_AVAILABLE DATA_:
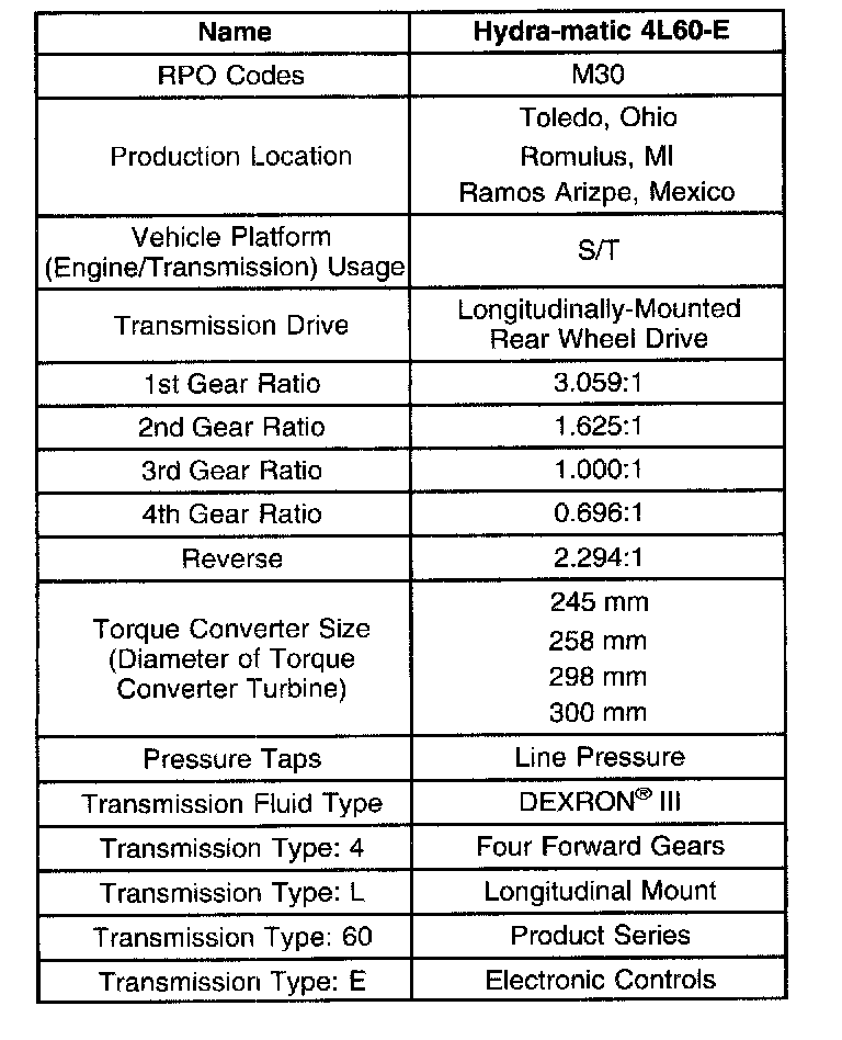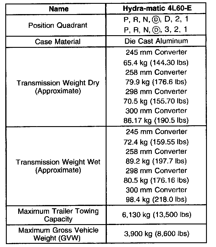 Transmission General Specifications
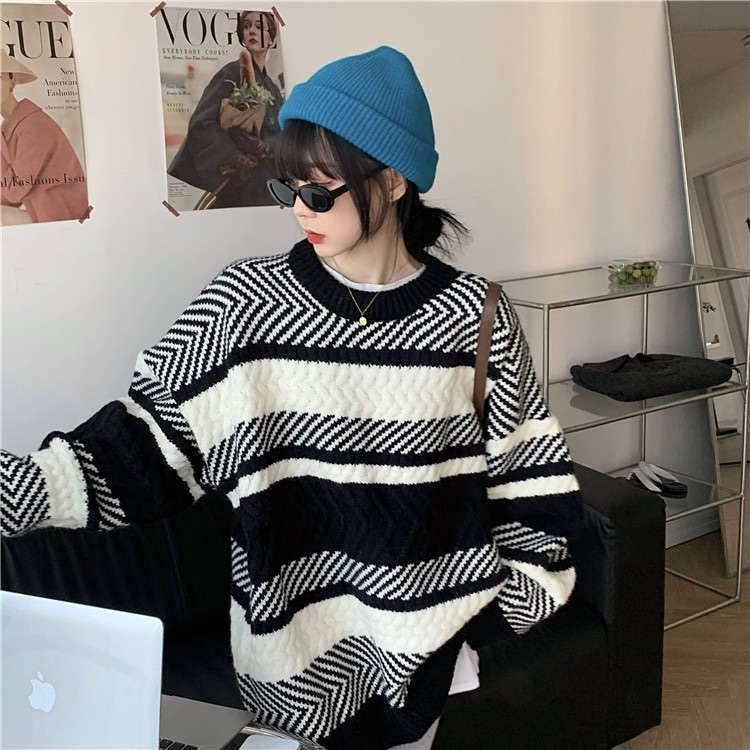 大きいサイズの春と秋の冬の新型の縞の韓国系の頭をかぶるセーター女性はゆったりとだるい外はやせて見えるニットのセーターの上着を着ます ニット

---

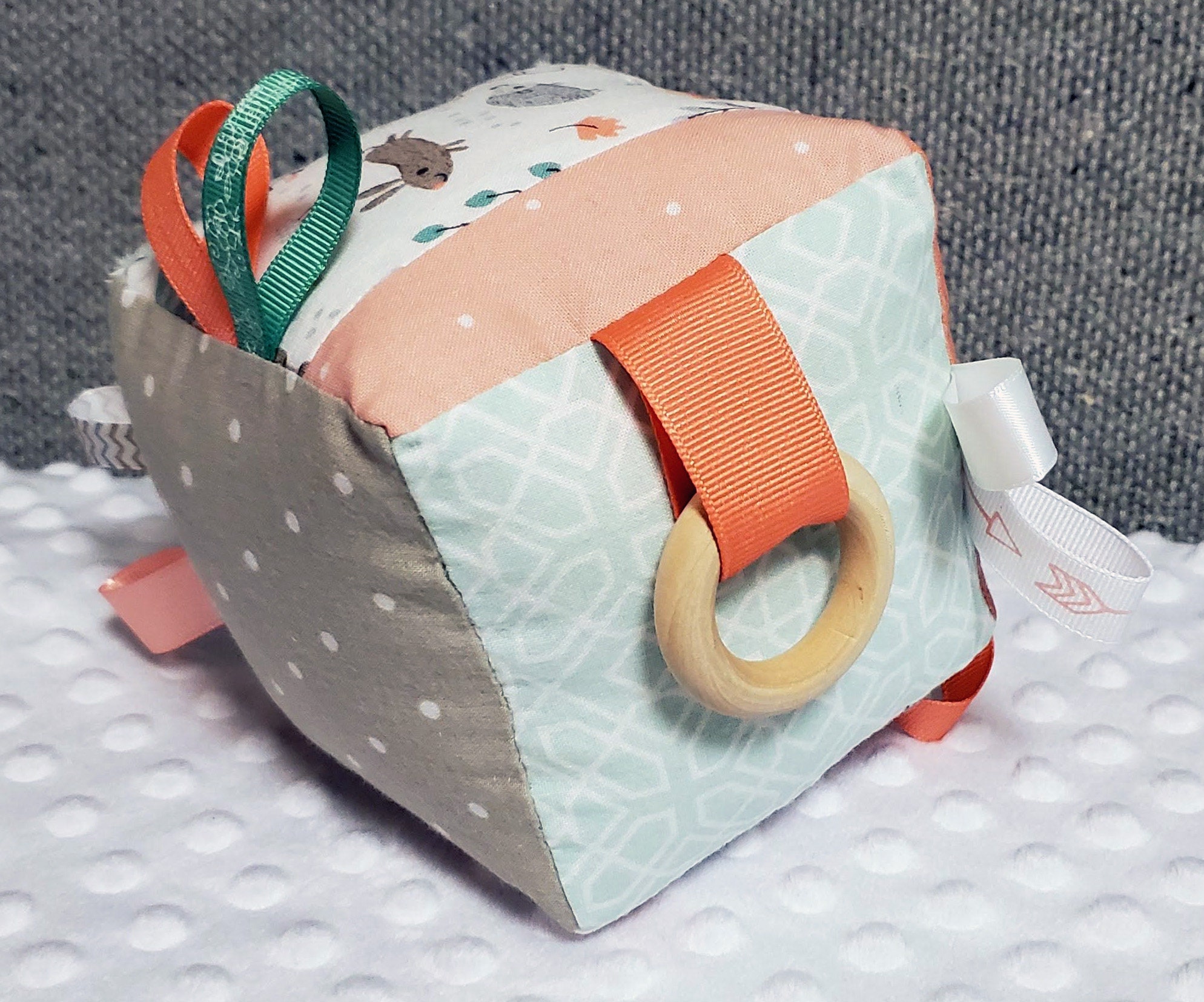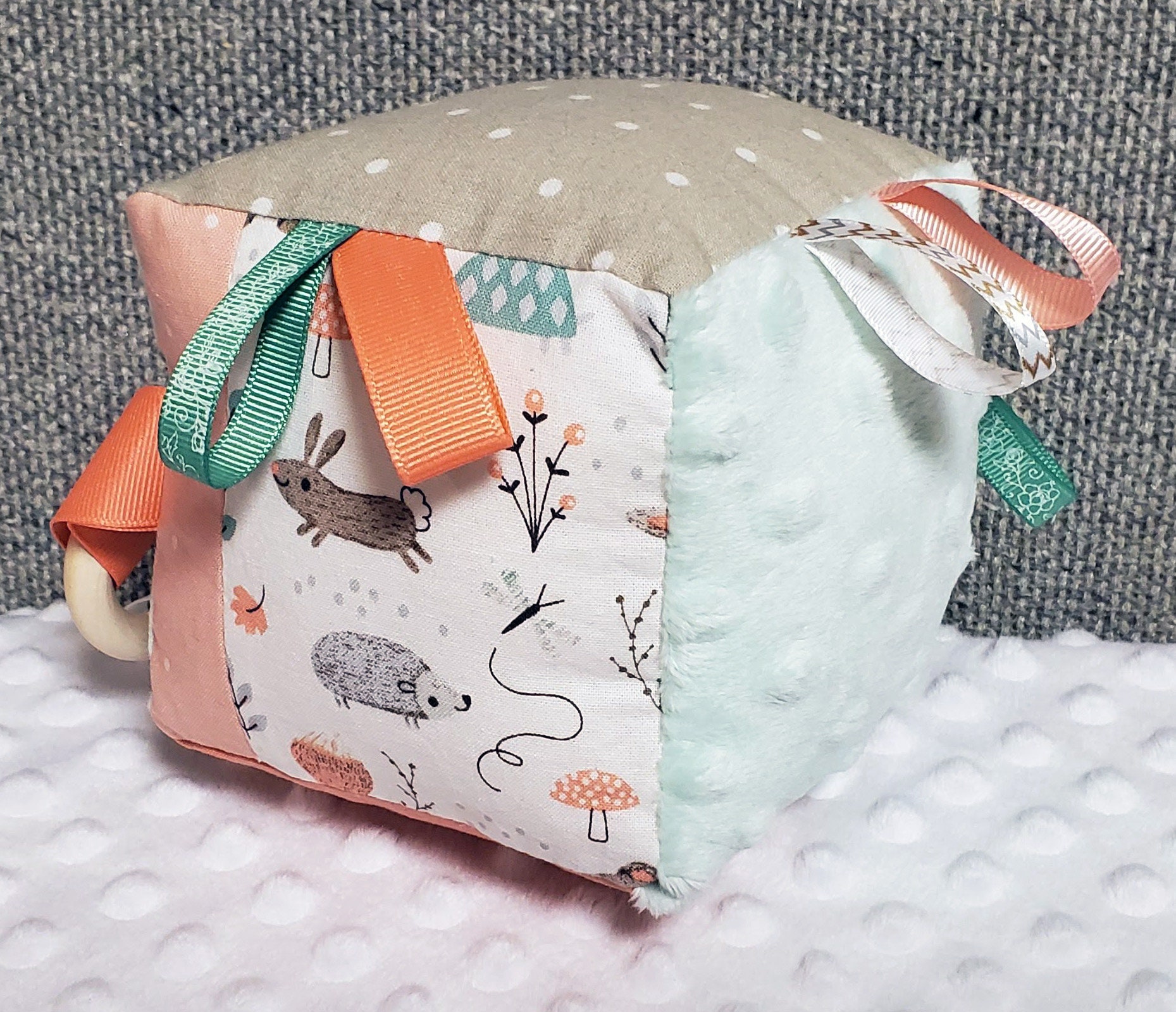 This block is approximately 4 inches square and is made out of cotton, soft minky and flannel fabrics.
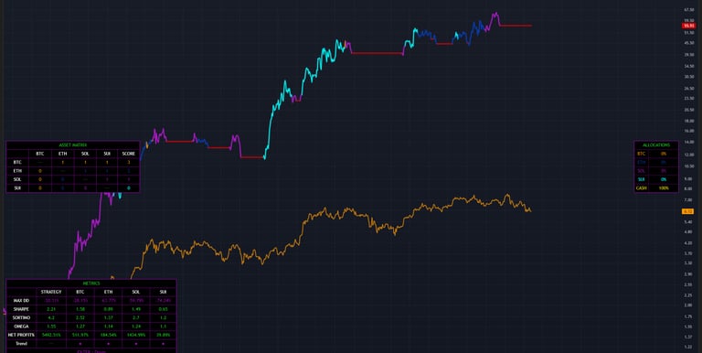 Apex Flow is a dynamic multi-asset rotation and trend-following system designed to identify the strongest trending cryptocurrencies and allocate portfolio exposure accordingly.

_ABOUT THIS TASK_:
Set down again, exactly, every line above from the one with "Transmission General Specifications" down to the one with "大きいサイズの春と秋の冬の新", both ends included. No pictures, and nothing else.

_YOUR SOLUTION_:
 Transmission General Specifications
 大きいサイズの春と秋の冬の新型の縞の韓国系の頭をかぶるセーター女性はゆったりとだるい外はやせて見えるニットのセーターの上着を着ます ニット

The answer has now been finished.